*COLLECTED DATA*

******************************

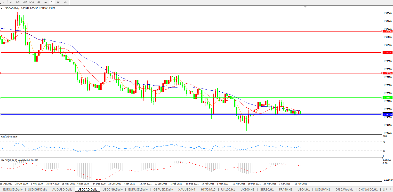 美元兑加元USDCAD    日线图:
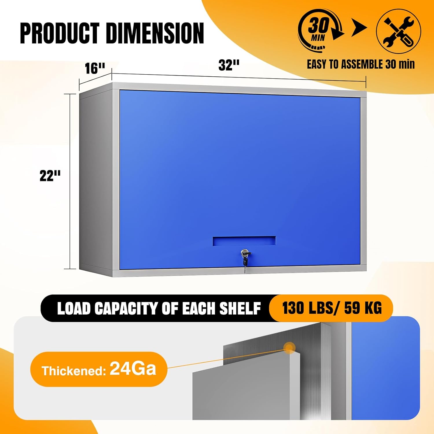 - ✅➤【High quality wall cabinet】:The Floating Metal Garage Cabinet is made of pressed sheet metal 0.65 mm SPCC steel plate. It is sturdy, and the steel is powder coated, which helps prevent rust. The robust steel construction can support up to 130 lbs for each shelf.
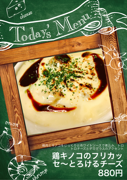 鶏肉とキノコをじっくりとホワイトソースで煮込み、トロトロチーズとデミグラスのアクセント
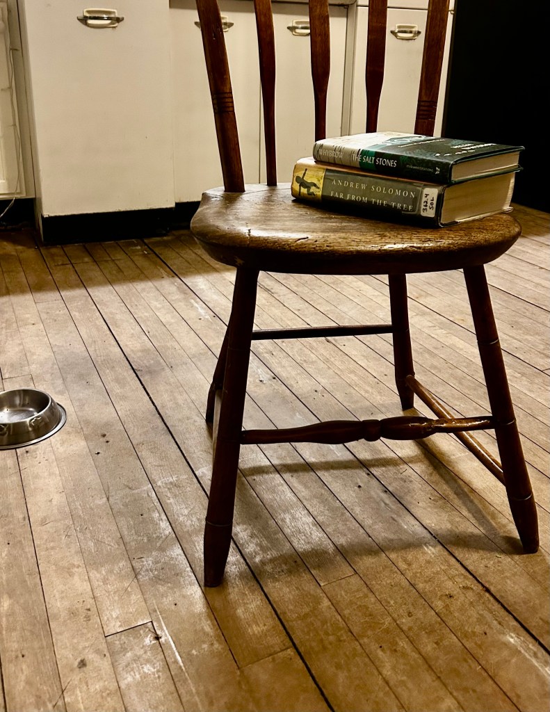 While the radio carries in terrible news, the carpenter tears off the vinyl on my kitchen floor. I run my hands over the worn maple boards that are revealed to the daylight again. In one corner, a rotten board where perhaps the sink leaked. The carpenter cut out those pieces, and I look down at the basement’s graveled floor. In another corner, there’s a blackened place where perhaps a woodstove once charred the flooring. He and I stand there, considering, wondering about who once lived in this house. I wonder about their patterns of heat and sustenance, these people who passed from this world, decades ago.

******************************

*TRY IT*
Retype, exactly as written, each line from the one containing "鶏肉とキノコをじっくりとホワ" through the end of the data above, and leave out every picture.

*REPLY TO THE EXERCISE*
 鶏肉とキノコをじっくりとホワイトソースで煮込み、トロトロチーズとデミグラスのアクセント
 While the radio carries in terrible news, the carpenter tears off the vinyl on my kitchen floor. I run my hands over the worn maple boards that are revealed to the daylight again. In one corner, a rotten board where perhaps the sink leaked. The carpenter cut out those pieces, and I look down at the basement’s graveled floor. In another corner, there’s a blackened place where perhaps a woodstove once charred the flooring. He and I stand there, considering, wondering about who once lived in this house. I wonder about their patterns of heat and sustenance, these people who passed from this world, decades ago.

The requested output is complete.